I'm using joblib to parallelize my python 3.5 code.
If I do:

from modules import f
from joblib  import Parallel, delayed

if __name__ == '__main__':
    Parallel( n_jobs  =  n_jobs,backend = "multiprocessing")(delayed(f)(i) for i in range( 10 ))

code doesn't work. Instead:

from joblib import Parallel, delayed

def f( i ):
    # my func ...

if __name__ == '__main__':
    Parallel( n_jobs  =  n_jobs, backend = "multiprocessing")(delayed(f)(i) for i in range(10))

This works!

Can someone explain why I have to put all my functions in the same script?

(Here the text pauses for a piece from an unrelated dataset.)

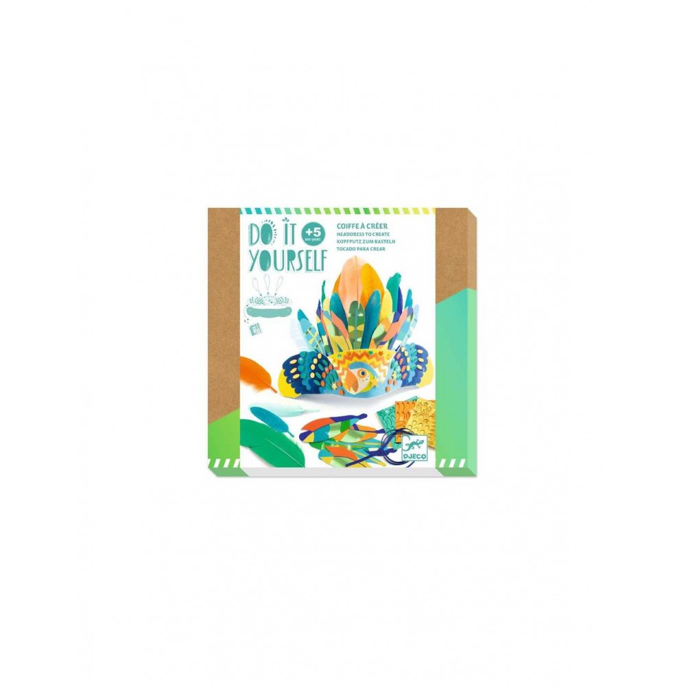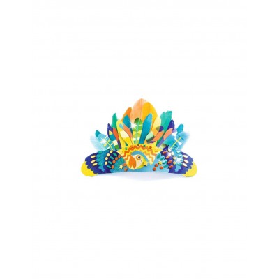 Découvrez le coffret coiffe à créer Rio de la collection Do It Yourself de Djeco, un kit créatif permettant aux enfants, dès 5 ans, de confectionner une superbe coiffe tropicale grâce à des plumes colorées et des stickers.

That is really unpractical, because in modules there are plenty of functions that I coded, that I don't want to copy / paste in the main script.

Grg
  • 71
  • 3
  • 1
    Welcome. Please, would you be so kind and mark your code as such, in orde to make it readable. – rocksteady Oct 19 '17 at 11:01
  • 2
    Can you please post more information why your code is not working? Error messages, observed behaviour etc. – Nils Werner Oct 19 '17 at 11:20
  • .. I don't have an error, the code start but when it arrives at "parallel" it stop working as if it was entered in an infite loop. I thought it might be looking for the functions defined in "modules" but "modules" is in the same folder as the main script. So it should be alble to find them. Also, the non parallel version works well. – Grg Oct 20 '17 at 14:39
  • This is similar to the issue reported here https://github.com/joblib/joblib/issues/911 however I cannot reproduce it myself. Could someone experiencing this issue please report the full traceback information if you can reproduce it with joblib 0.14.0 or later? – ogrisel Dec 08 '19 at 18:09

2 Answers2

3

I faced the similar ussue. When I call function from import, it just freezes and when I call local function it works OK. Solve it by using multithreading instead of multiprocessing like that

Parallel( n_jobs  =  n_jobs, backend='threading')(delayed(f)(i) for i in range(10))
  • 1
    Note that this is not a good solution for CPU bound work that doesn't release the GIL since all threads share the same instance of the GIL. – kabla002 Aug 27 '19 at 14:58
1

I found a workaround that allows you to keep the helper functions in separates module. For each imported function that you want to parallelize, define a proxy function in your main module, e.g. as

def f_proxy(*args, **kwargs):
    return f(*args, **kwargs)

and simply use delayed(f_proxy). It is still somewhat unsatisfactory, but cleaner than moving all helper functions into the main module.

Ben JW
  • 1,370
  • 1
  • 10
  • 11